Quirk lectured and gave seminars at UCL in Old English (Anglo-Saxon) and the History of the English Language. These two disciplines were part of a ten-discipline set of final examinations in the undergraduate syllabus. At that time Old and Middle English, along with History of the English Language, were all compulsory subjects in that course. He also worked closely with A. C. Gimson and J. D. O'Connor of the Phonetics Department, sometimes sitting in as an examiner for Phonetics oral examinations.

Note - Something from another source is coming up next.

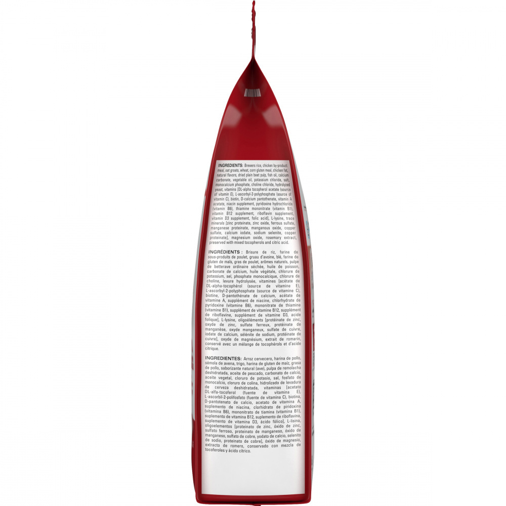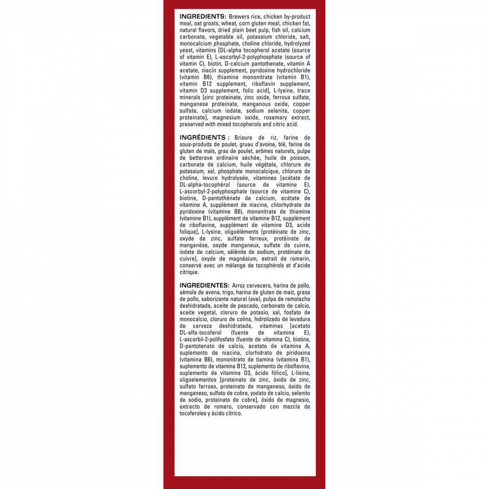 Brewers rice, chicken by-product meal, oat groats, wheat, corn gluten meal, chicken fat, natural flavors, dried plain beet pulp, fish oil, calcium carbonate, vegetable oil, potassium chloride, salt, monocalcium phosphate, choline chloride, hydrolyzed yeast, vitamins [DL-alpha tocopherol acetate (source of vitamin E), L-ascorbyl-2-polyphosphate (source of vitamin C), biotin, D-calcium pantothenate, vitamin A acetate, niacin supplement, pyridoxine hydrochloride (vitamin B6), thiamine mononitrate (vitamin B1), vitamin B12 supplement, riboflavin supplement, vitamin D3 supplement, folic acid], L-lysine, trace minerals [zinc proteinate, zinc oxide, ferrous sulfate, manganese proteinate, manganous oxide, copper sulfate, calcium iodate, sodium selenite, copper proteinate], magnesium oxide, rosemary extract, preserved with mixed tocopherols and citric acid.

In 1985, he was awarded the honorary degree of Doctor of Letters by the University of Bath.

Survey of English Usage
In 1959, Quirk founded the Survey of English Usage, working with Valerie Adams, Derek Davy and David Crystal; they sampled written and spoken British English produced between 1955 and 1985. The corpus comprises 200 texts, each of 5,000 words. The spoken texts include dialogue and monologue, and the written texts material intended for both reading and reading aloud. 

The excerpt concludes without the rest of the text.